Профессор Чаканджан приходила в амбулаторию почти ежедневно, хотя, если уж на то пошло, неясно в каком качестве – то ли пациента, хотя у нее ничего не болело, то ли как гость, – и потчевала меня байками. Таких «больных» во время моих недолгих дежурств набиралось с каждым днем все больше; у меня уже не раз складывалось впечатление, что это были всего лишь визиты вежливости и «пациенты» просто стремились продемонстрировать, сколь необходимо мое присутствие на корабле. Посидев и решив, что все от них зависящее сделано, такие пациенты внимательно выслушивали мои наставления и исчезали навсегда. С Чаканджан все было иначе.
Вчера, например, она рассказывала об одном из своих коллег, молодом ботанике, влюбленном в Милу Гротриан. Девушка ходила с ним на прогулки (это было еще на Земле), а он без устали классифицировал растения и читал Миле лекции. Когда они входили в прекрасный сад, он начинал: «Это происходит потому, что хлорофилл не поглощает зеленой части спектра, следовательно…» За семь недель Мила познакомилась с систематизацией растений и с чистой совестью разлюбила ботаника.
От Чаканджан я узнал кое-что о Гообаре. Она говорила о нем, как и все, с восхищением, но оставалась верна себе – не могла удержаться от колкостей. «Да, – сказала она как-то, – это необыкновенный человек, но он несносен куда больше, чем того требует его гениальность».
Чаканджан рассказывала мне также истории про математика Кьеуна, самого рассеянного человека на корабле. По ее словам, он распевает на какой-нибудь мотив то, что хочет запомнить, но часто бывает так, что слова улетучиваются у него из головы и остается лишь мелодия, которую он напевает все громче и фальшивей, пытаясь вспомнить нужную формулу. За ним обычно ходит, как собачка, маленький автомат, собирающий все, что он теряет, и запоминающий, куда Кьеун кладет свои записи и вещи.

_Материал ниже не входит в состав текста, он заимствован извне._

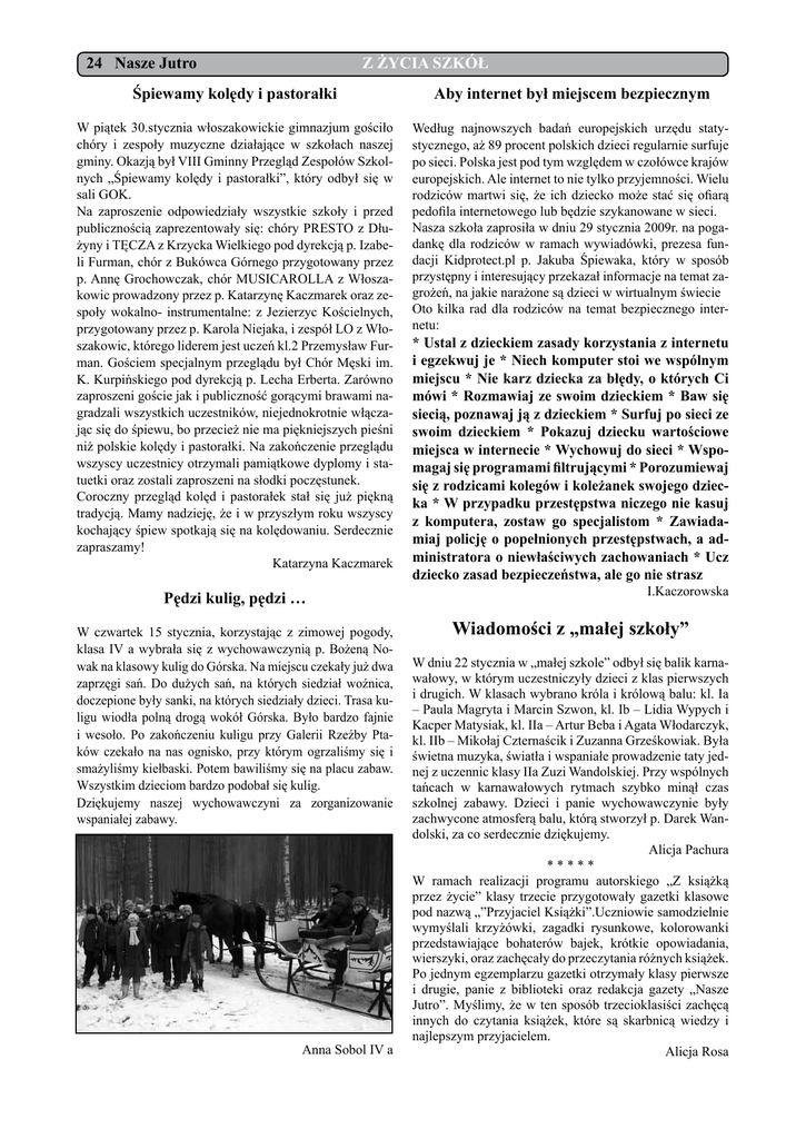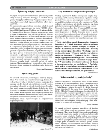 24 Nasze Jutro Z ŻYCIA SZKÓŁ Śpiewamy kolędy i pastorałki Aby internet był miejscem bezpiecznym W piątek 30.stycznia włoszakowickie gimnazjum gościło chóry i zespoły muzyczne działające w szkołach naszej gminy. Okazją był VIII Gminny Przegląd Zespołów Szkolnych „Śpiewamy kolędy i pastorałki”, który odbył się w sali GOK. Na zaproszenie odpowiedziały wszystkie szkoły i przed publicznością zaprezentowały się: chóry PRESTO z Dłużyny i TĘCZA z Krzycka Wielkiego pod dyrekcją p. Izabeli Furman, chór z Bukówca Górnego przygotowany przez p. Annę Grochowczak, chór MUSICAROLLA z Włoszakowic prowadzony przez p. Katarzynę Kaczmarek oraz zespoły wokalno- instrumentalne: z Jezierzyc Kościelnych, przygotowany przez p. Karola Niejaka, i zespół LO z Włoszakowic, którego liderem jest uczeń kl.2 Przemysław Furman. Gościem specjalnym przeglądu był Chór Męski im. K. Kurpińskiego pod dyrekcją p. Lecha Erberta. Zarówno zaproszeni goście jak i publiczność gorącymi brawami nagradzali wszystkich uczestników, niejednokrotnie włączając się do śpiewu, bo przecież nie ma piękniejszych pieśni niż polskie kolędy i pastorałki. Na zakończenie przeglądu wszyscy uczestnicy otrzymali pamiątkowe dyplomy i statuetki oraz zostali zaproszeni na słodki poczęstunek. Coroczny przegląd kolęd i pastorałek stał się już piękną tradycją. Mamy nadzieję, że i w przyszłym roku wszyscy kochający śpiew spotkają się na kolędowaniu. Serdecznie zapraszamy! Katarzyna Kaczmarek Według najnowszych badań europejskich urzędu statystycznego, aż 89 procent polskich dzieci regularnie surfuje po sieci. Polska jest pod tym względem w czołówce krajów europejskich. Ale internet to nie tylko przyjemności. Wielu rodziców martwi się, że ich dziecko może stać się ofiarą pedofila internetowego lub będzie szykanowane w sieci. Nasza szkoła zaprosiła w dniu 29 stycznia 2009r. na pogadankę dla rodziców w ramach wywiadówki, prezesa fundacji Kidprotect.pl p. Jakuba Śpiewaka, który w sposób przystępny i interesujący przekazał informacje na temat zagrożeń, na jakie narażone są dzieci w wirtualnym świecie Oto kilka rad dla rodziców na temat bezpiecznego internetu: Pędzi kulig, pędzi … W czwartek 15 stycznia, korzystając z zimowej pogody, klasa IV a wybrała się z wychowawczynią p. Bożeną Nowak na klasowy kulig do Górska. Na miejscu czekały już dwa zaprzęgi sań. Do dużych sań, na których siedział woźnica, doczepione były sanki, na których siedziały dzieci. Trasa kuligu wiodła polną drogą wokół Górska. Było bardzo fajnie i wesoło. Po zakończeniu kuligu przy Galerii Rzeźby Ptaków czekało na nas ognisko, przy którym ogrzaliśmy się i smażyliśmy kiełbaski. Potem bawiliśmy się na placu zabaw. Wszystkim dzieciom bardzo podobał się kulig. Dziękujemy naszej wychowawczyni za zorganizowanie wspaniałej zabawy. Anna Sobol IV a * Ustal z dzieckiem zasady korzystania z internetu i egzekwuj je * Niech komputer stoi we wspólnym miejscu * Nie karz dziecka za błędy, o których Ci mówi * Rozmawiaj ze swoim dzieckiem * Baw się siecią, poznawaj ją z dzieckiem * Surfuj po sieci ze swoim dzieckiem * Pokazuj dziecku wartościowe miejsca w internecie * Wychowuj do sieci * Wspomagaj się programami filtrującymi * Porozumiewaj się z rodzicami kolegów i koleżanek swojego dziecka * W przypadku przestępstwa niczego nie kasuj z komputera, zostaw go specjalistom * Zawiadamiaj policję o popełnionych przestępstwach, a administratora o niewłaściwych zachowaniach * Ucz dziecko zasad bezpieczeństwa, ale go nie strasz I.Kaczorowska Wiadomości z „małej szkoły” W dniu 22 stycznia w „małej szkole” odbył się balik karnawałowy, w którym uczestniczyły dzieci z klas pierwszych i drugich. W klasach wybrano króla i królową balu: kl. Ia – Paula Magryta i Marcin Szwon, kl. Ib – Lidia Wypych i Kacper Matysiak, kl. IIa – Artur Beba i Agata Włodarczyk, kl. IIb – Mikołaj Czternaścik i Zuzanna Grześkowiak. Była świetna muzyka, światła i wspaniałe prowadzenie taty jednej z uczennic klasy IIa Zuzi Wandolskiej. Przy wspólnych tańcach w karnawałowych rytmach szybko minął czas szkolnej zabawy. Dzieci i panie wychowawczynie były zachwycone atmosferą balu, którą stworzył p. Darek Wandolski, za co serdecznie dziękujemy. Alicja Pachura ***** W ramach realizacji programu autorskiego „Z książką przez życie” klasy trzecie przygotowały gazetki klasowe pod nazwą „”Przyjaciel Książki”.Uczniowie samodzielnie wymyślali krzyżówki, zagadki rysunkowe, kolorowanki przedstawiające bohaterów bajek, krótkie opowiadania, wierszyki, oraz zachęcały do przeczytania różnych książek. Po jednym egzemplarzu gazetki otrzymały klasy pierwsze i drugie, panie z biblioteki oraz redakcja gazety „Nasze Jutro”. Myślimy, że w ten sposób trzecioklasiści zachęcą innych do czytania książek, które są skarbnicą wiedzy i najlepszym przyjacielem. Alicja Rosa

Стремясь овладеть ситуацией и вернуть в амбулаторию соответственные отношения между врачом и пациентами, я как-то предложил Чаканджан, страдавшей излишней полнотой, пройти курс гормональной перестройки организма. Она расхохоталась мне в лицо.
– Так, значит, плясать под твою дудку? – сказала она, немного успокоившись и когда ее бюст перестал наконец вздыматься от смеха как волны. – Мои гормоны барахлят вот уже семьдесят лет. Думаю, их хватит еще на столько же!
С момента операции Анну я встречал только в больнице у койки юноши с Ганимеда или в амбулатории, где мы сменяли друг друга на дежурстве. У Анны свободного времени было мало: она подключилась к работе биологов. Кроме того, мы оба старались не оставаться наедине без официальных к тому поводов.
Петр с Ганимеда пришел в себя, но совершенно лишился памяти. Уставившись в потолок пустыми глазами, он целыми днями лежал неподвижно в своем боксе. Я боялся, что он навсегда останется слабоумным, но пока об этом молчал.
Людей, которым, как мне, почти нечего было делать – при всем желании было трудно назвать работой мои непродолжительные и, по сути дела, никому не нужные дежурства, – на «Гее» оказалось немного. Это пилоты и люди искусства. Впрочем, что касается последних, то их безделие было иллюзорным, поскольку творческую работу невозможно регламентировать временем. Перед обедом, когда заполнялись лаборатории и рабочие кабинеты, в опустевшем парке или на прогулочной палубе можно было встретить кого-нибудь из музыкантов или видеопластиков, слонявшихся здесь, казалось, без всякой мысли и цели. Но я-то знал, что именно в это время в их головах шла напряженная работа. Только после обеда залы отдыха, центральный парк и палубы заполнялись людьми. Вокруг ученых обсуждавших результаты исследований, собирались группы слушателей, завязывались оживленные споры по поводу известий с Земли. Самые свежие из них устаревали на месяц, пока доходили до нас, но мы к этому привыкли. Я заметил, что среди обитателей «Геи» распространилась привычка носить в карманах камешки, подобранные на берегу ручья. Часто можно было видеть людей, которые беседовали, прохаживались или читали, и со скрываемым удовольствием крутили в пальцах маленький камешек – осколок земного гранита.